### WHAT TO PRODUCE
If a picture appears in the records, leave it out and transcribe the rest exactly.
━━━ SOURCE MATERIAL
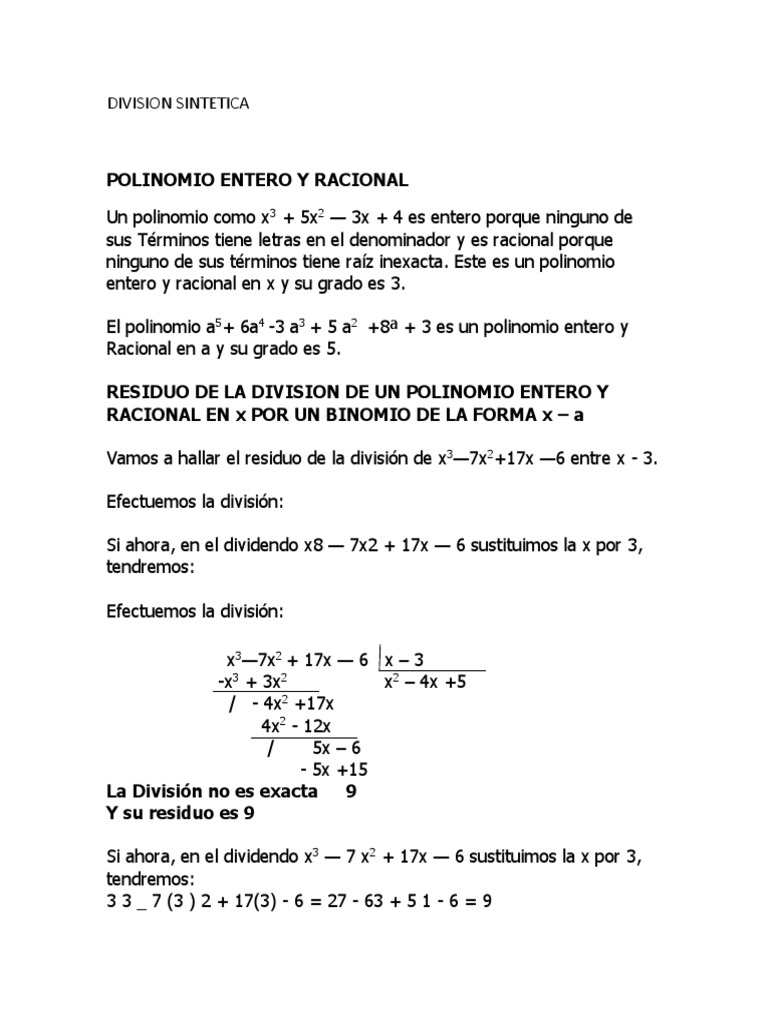 La división sintética es una operación para simplificar la obtención del cociente y el residuo lo que nos ayudará a encontrar los valores de X para la división de dichos polinomios. POLINOMIO ENTERO Y RACIONAL. Compartimos con ustedes el libro algebra baldor de aurelio baldor en formato pdf para descargar.
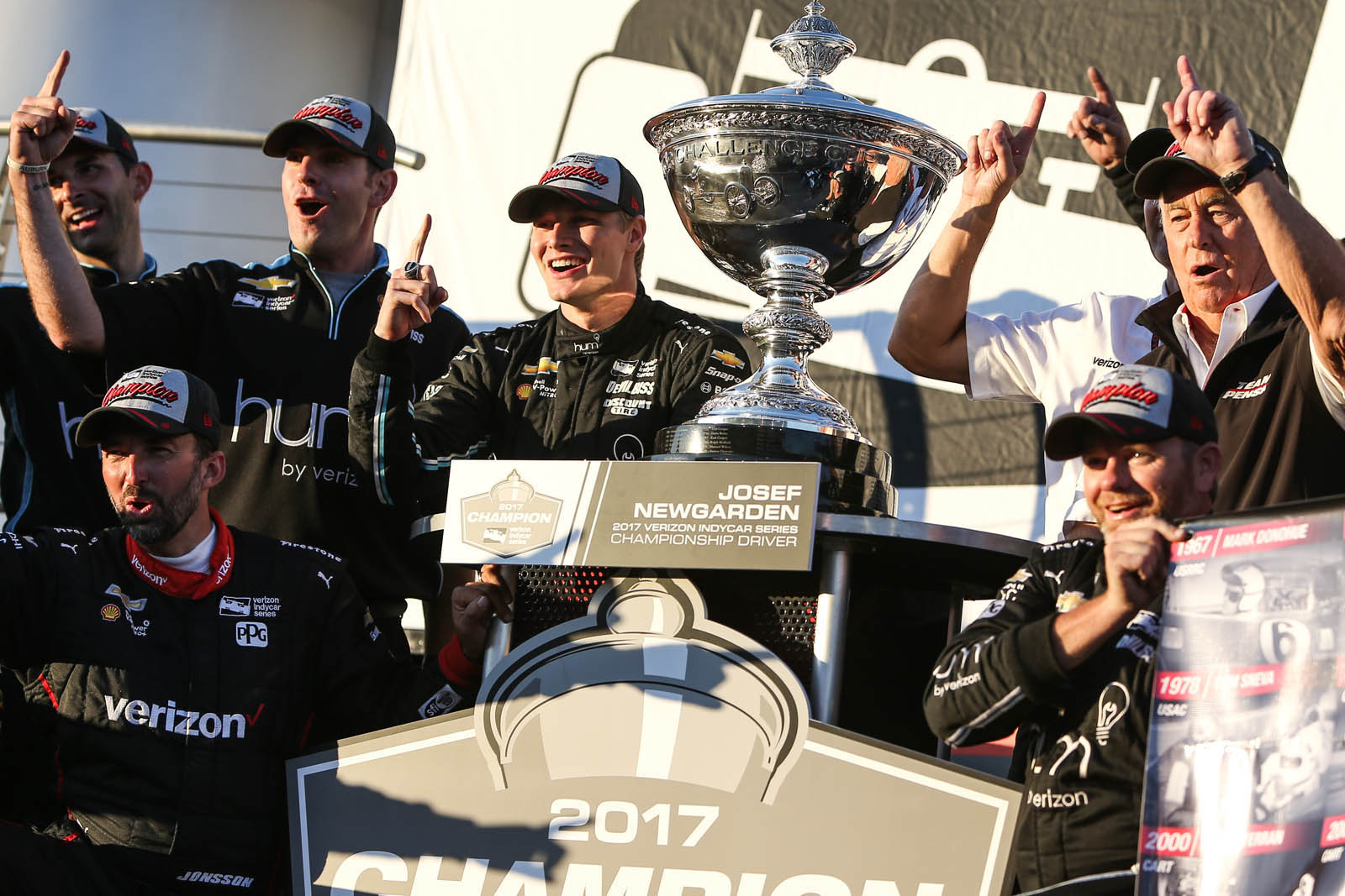 With that, Newgarden became the first American to win the championship in since Andretti’s Ryan Hunter-Reay in 2012. Last year’s champion Pagenaud is from France, and both Dixon (champ in 2013 and ’15) and Will Power (’14) are from Australia. It marks Penske’s 15th open-wheel title (three in the current iteration of the series) and Chevy‘s fourth consecutive title, with Honda having last won in 2013.
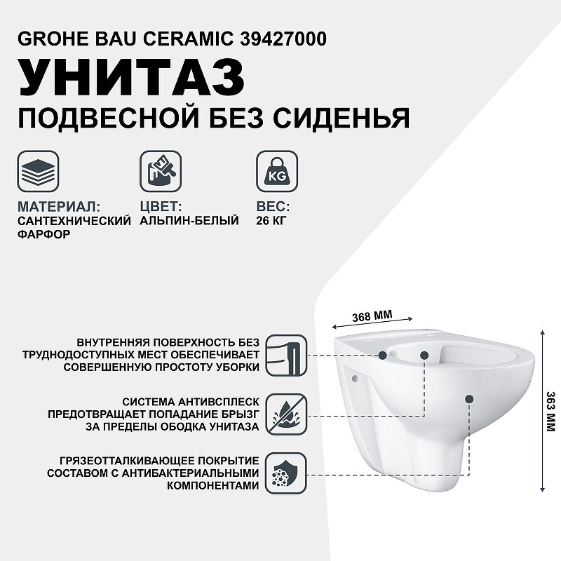 Подвесной унитаз Grohe Bau Ceramic 39427000 без сиденья
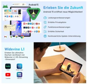 - Widevine L1 + 1280*800 HD+ Dual-Lautsprecher: Dank der Widevine L1 Dekodierungstechnologie genießen Sie ein klares und lebendiges Seherlebnis auf dem HD+ Bildschirm mit einer Auflösung von 1280*800. Die Dual-Lautsprecher sorgen für einen reichhaltigen Stereo-Sound und bieten Ihnen ein immersives Audio-Erlebnis.
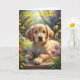 Um cachorrinho fofo no jardim das flores. Adequado para um cartão de aniversário para qualquer um. Sinta-se livre para alterar o texto
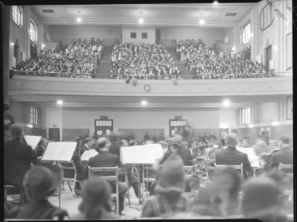 Le chef Wilfrid Pelletier dirige un orchestre à l'auditorium du Plateau situé au 3700, avenue Calixa-Lavallée à Montréal. Nous voyons le public assis au balcon pour écouter ce concert présenté dans le cadre des «Children's Symphony Concerts»
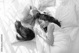 Beautiful asian young lesbian LGBTQ couple or friends lying on bed and looking together smile and relax at home.Top view calm of LGBTQ couple woman love on white bed and head together. LGBTQ Concept
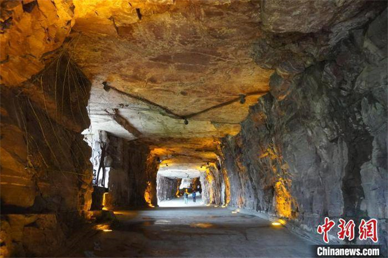 圖為郭亮村掛壁公路“郭亮洞”內(nèi)景。
━━━━━━
### TASK ANSWER
 La división sintética es una operación para simplificar la obtención del cociente y el residuo lo que nos ayudará a encontrar los valores de X para la división de dichos polinomios. POLINOMIO ENTERO Y RACIONAL. Compartimos con ustedes el libro algebra baldor de aurelio baldor en formato pdf para descargar.
 With that, Newgarden became the first American to win the championship in since Andretti’s Ryan Hunter-Reay in 2012. Last year’s champion Pagenaud is from France, and both Dixon (champ in 2013 and ’15) and Will Power (’14) are from Australia. It marks Penske’s 15th open-wheel title (three in the current iteration of the series) and Chevy‘s fourth consecutive title, with Honda having last won in 2013.
 Подвесной унитаз Grohe Bau Ceramic 39427000 без сиденья
 - Widevine L1 + 1280*800 HD+ Dual-Lautsprecher: Dank der Widevine L1 Dekodierungstechnologie genießen Sie ein klares und lebendiges Seherlebnis auf dem HD+ Bildschirm mit einer Auflösung von 1280*800. Die Dual-Lautsprecher sorgen für einen reichhaltigen Stereo-Sound und bieten Ihnen ein immersives Audio-Erlebnis.
 Um cachorrinho fofo no jardim das flores. Adequado para um cartão de aniversário para qualquer um. Sinta-se livre para alterar o texto
 Le chef Wilfrid Pelletier dirige un orchestre à l'auditorium du Plateau situé au 3700, avenue Calixa-Lavallée à Montréal. Nous voyons le public assis au balcon pour écouter ce concert présenté dans le cadre des «Children's Symphony Concerts»
 Beautiful asian young lesbian LGBTQ couple or friends lying on bed and looking together smile and relax at home.Top view calm of LGBTQ couple woman love on white bed and head together. LGBTQ Concept
 圖為郭亮村掛壁公路“郭亮洞”內(nèi)景。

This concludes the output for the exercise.